» WHAT IS REQUIRED: Below is a block of entries, which should be copied verbatim apart from the pictures.

##############################

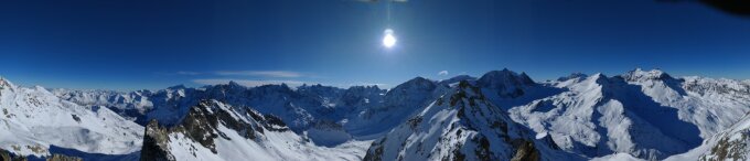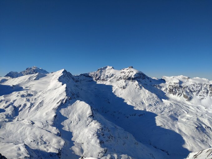 Aufstieg und Abfahrt: Es hatte 10cm bis 20cm wunderschönen Pulverschnee auf einer tragenden Unterlage. Die Nordwest-Abfahrt an den Rand vom Glacier de Cheilon war ausgezeichnet.
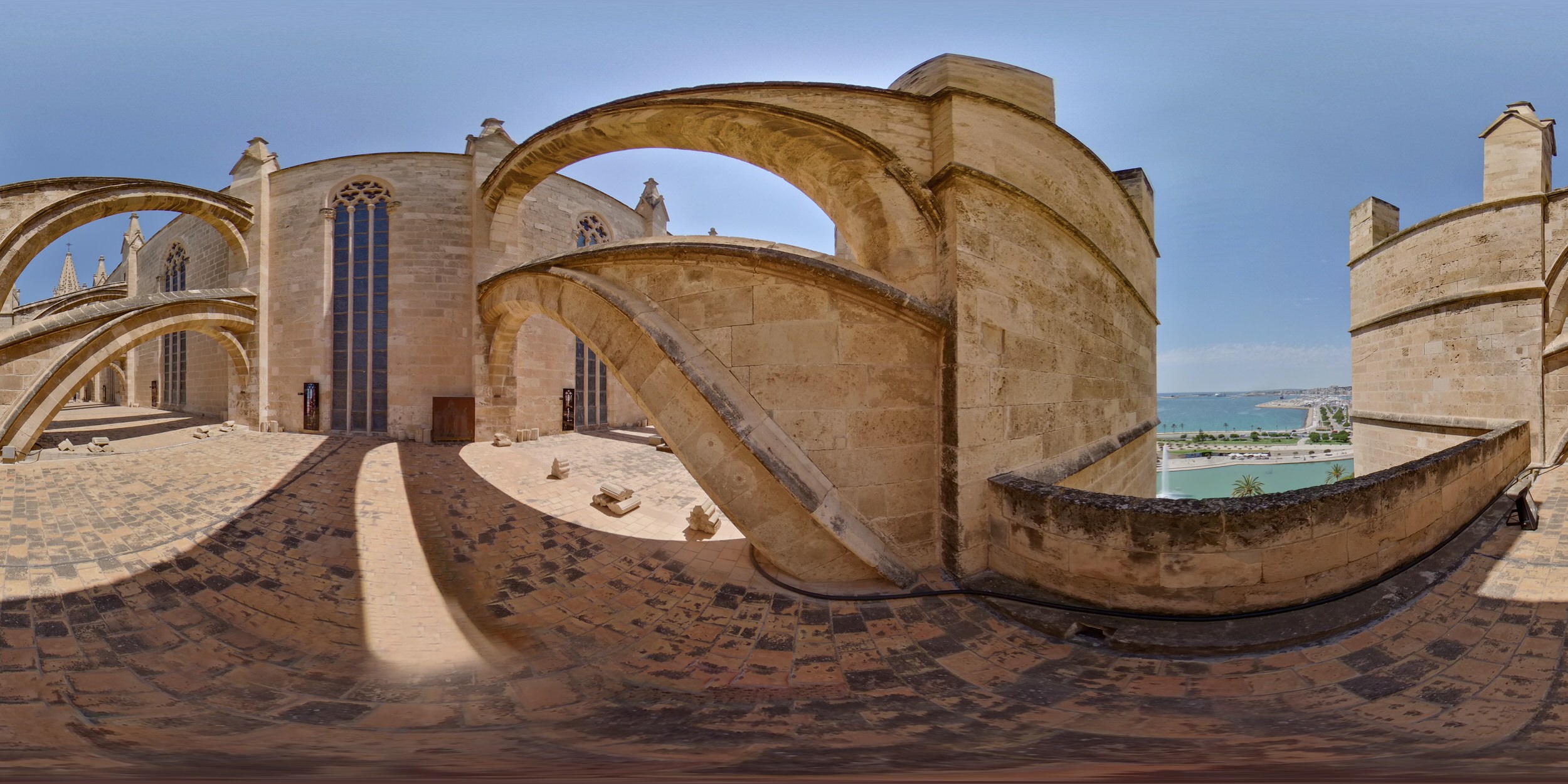 To reach the roof terrace, visitors need to climb a series of stairs that lead to the upper levels of the cathedral. As you ascend, you'll notice the intricate details of the interior, with elaborate stained glass windows and grand vaulted ceilings.
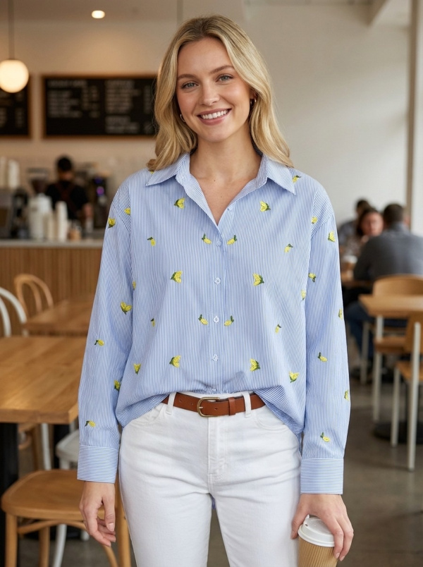 Chemise à manches longues confectionnée dans une popeline légère à fines rayures. Le motif est ponctué de broderies citron jaune, apportant une touche fraîche et graphique. Coupe droite, légèrement ample, pensée pour un porté naturel et confortable.
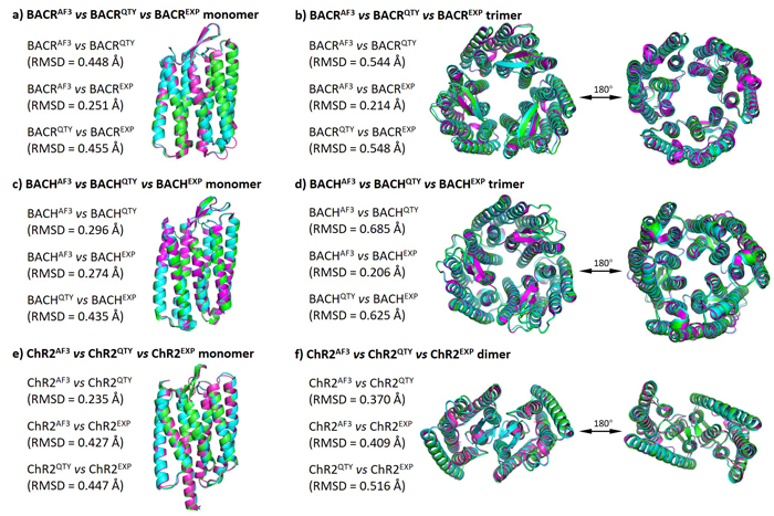 In this figure, I compare the computer-predicted QTY analog structures, computer-predicted native structures, and experimentally-determined native structures of microbial opsins. These three types of structures are very similar to each other. Additionally, since these three microbial opsins usually form oligomers (dimers and trimers), I perform a similar comparison between the computer-predicted QTY analog oligomer structures, computer-predicted native oligomer structures, and experimentally-determined native oligomer structures.
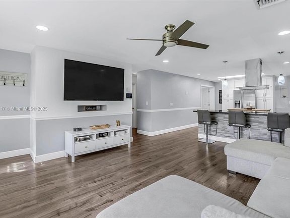 Completely remodeled 3/2 single-family home in the heart of Cooper City w/ NO HOA. This stunning residence features luxury vinyl flooring throughout, impact windows, recessed lighting, & modern zebra blinds for your convenience. The open-concept kitchen boasts sleek stainless-steel appliances, white shaker cabinets, quartz counters, & soft-close drawers. Enjoy a spacious layout w/ two living areas, one perfect for a 4th bedroom, home office, or game room. The master suite offers two walk-in closets & a resort-style bath w/ elegant finishes. Abundant natural light flows through every room. Spacious laundry room in the home for your convenience. The property is fully enclosed with PVC fence for privacy. Full 1 car garage. A covered outdoor patio with ceiling fans, perfect for entertaining.

##############################

» RESULT OF THIS TASK:
 Aufstieg und Abfahrt: Es hatte 10cm bis 20cm wunderschönen Pulverschnee auf einer tragenden Unterlage. Die Nordwest-Abfahrt an den Rand vom Glacier de Cheilon war ausgezeichnet.
 To reach the roof terrace, visitors need to climb a series of stairs that lead to the upper levels of the cathedral. As you ascend, you'll notice the intricate details of the interior, with elaborate stained glass windows and grand vaulted ceilings.
 Chemise à manches longues confectionnée dans une popeline légère à fines rayures. Le motif est ponctué de broderies citron jaune, apportant une touche fraîche et graphique. Coupe droite, légèrement ample, pensée pour un porté naturel et confortable.
 In this figure, I compare the computer-predicted QTY analog structures, computer-predicted native structures, and experimentally-determined native structures of microbial opsins. These three types of structures are very similar to each other. Additionally, since these three microbial opsins usually form oligomers (dimers and trimers), I perform a similar comparison between the computer-predicted QTY analog oligomer structures, computer-predicted native oligomer structures, and experimentally-determined native oligomer structures.
 Completely remodeled 3/2 single-family home in the heart of Cooper City w/ NO HOA. This stunning residence features luxury vinyl flooring throughout, impact windows, recessed lighting, & modern zebra blinds for your convenience. The open-concept kitchen boasts sleek stainless-steel appliances, white shaker cabinets, quartz counters, & soft-close drawers. Enjoy a spacious layout w/ two living areas, one perfect for a 4th bedroom, home office, or game room. The master suite offers two walk-in closets & a resort-style bath w/ elegant finishes. Abundant natural light flows through every room. Spacious laundry room in the home for your convenience. The property is fully enclosed with PVC fence for privacy. Full 1 car garage. A covered outdoor patio with ceiling fans, perfect for entertaining.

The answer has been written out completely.